Gastbeitrag von Daniel Günther
Wir brauchen die Abschaffung der Redefreiheit, der parlamentarischen Prinzipien und die Vereinheitlichung der Medien, damit sich die Geschichte nicht wiederholt
Demokratie lebt vom freien Austausch demokratischer Meinungen und vom Wettbewerb der Ideen unter Demokraten. Die Menschen draußen haben miterleben müssen, dass ihr Vertrauen in die Politik erschüttert wird davon, dass Kräfte aufsteigen, die eine absolute Störung bedeuten würden, sollten sie an entscheidende Positionen kommen, denn sie haben es sich zum Ziel gesetzt, die demokratischen Politiker aus der Politik zu verdrängen. Diese Gefahr ist nicht abstrakt, wir haben schon die Erfahrung gemacht, dass die Wiederholung der Geschichte eine Vorlage hat. Die Vergangenheit lässt sich nicht ändern, nur ihre Fortsetzung stoppen.

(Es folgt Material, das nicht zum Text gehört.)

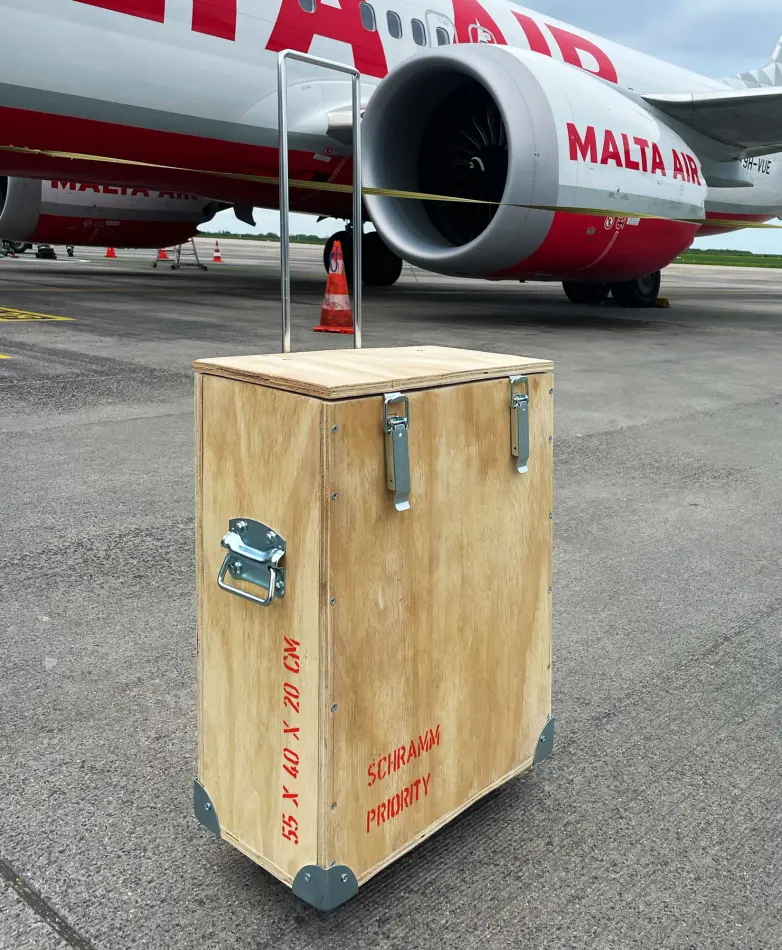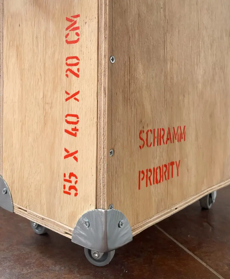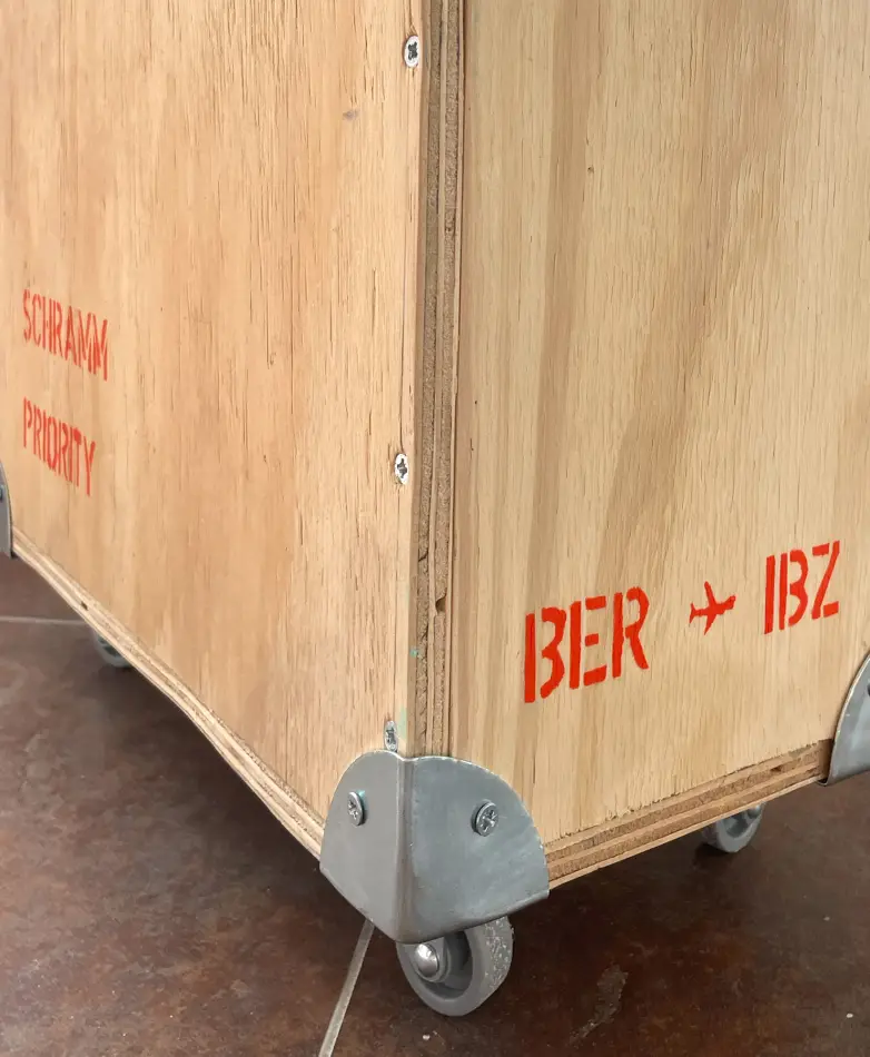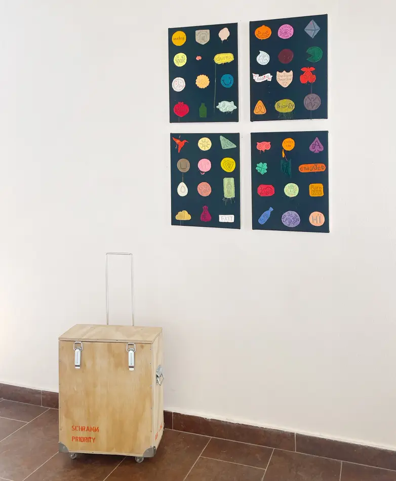 Priority, 2024crate wood, aluminum, oil, and pigment on canvas56 x 41 x 21 cm (Trolley with four pictures, each 47 x 35 cm)

Boris Pistorius mit Ansage: Wehrpflicht hilft der Generation Corona beim Nachholen der Entwicklung
Die Pandemie hat eine ganze Generation in ihrer Entwicklung aufgehalten, da sie von Masken und Schulschließungen befallen wurde. Hier kann die Wehrpflicht einsetzen. «Wer zur Musterung nicht tauglich ist, wird es in der Dienstzeit», so die klare Ansage des Verteidigungsministers im ZZ-Gespräch.

Studie: Niemand schreibt versehentlich noch 2025
Traditionell schreibt man im Januar versehentlich noch häufig in der Datumsangabe das vorige Jahr. Diesmal aber nicht. «2025 ist so unbeliebt, es wird schon völlig verdrängt», stellt eine Studie im Auftrag der Heinrich-Böll-Stiftung, die gehofft hatte, es wäre wegen der Zukunftsorientierung.

Berliner Senat kündigt konsequentes Vorgehen an gegen alle, die sich durch die Stromhavarie terrorisiert fühlen
Kai Wegner nimmt das Heft der Handlungsfähigkeit wieder in die Hand, nachdem Fragen laut wurden, wieso er während seines Tennisspiels von niemandem angerufen wurde, wo er extra das Telefon auf Laut gestellt hatte. Gegenüber der ZZ gibt er die klare Kante, dass er das Herbeireden einer Terrorgefahr mit aller Härte nicht dulden wird. «Dass das Gerede von Terror aus Gebieten und von Personen kommt, die gar nicht betroffen waren und die sich jetzt als Trittbrettterrorisierte ausgeben, spricht Bücher», so der Regierende Bürgermeister. Konkrete Maßnahmen werden zu sehen sein, sobald sie durchgeführt werden.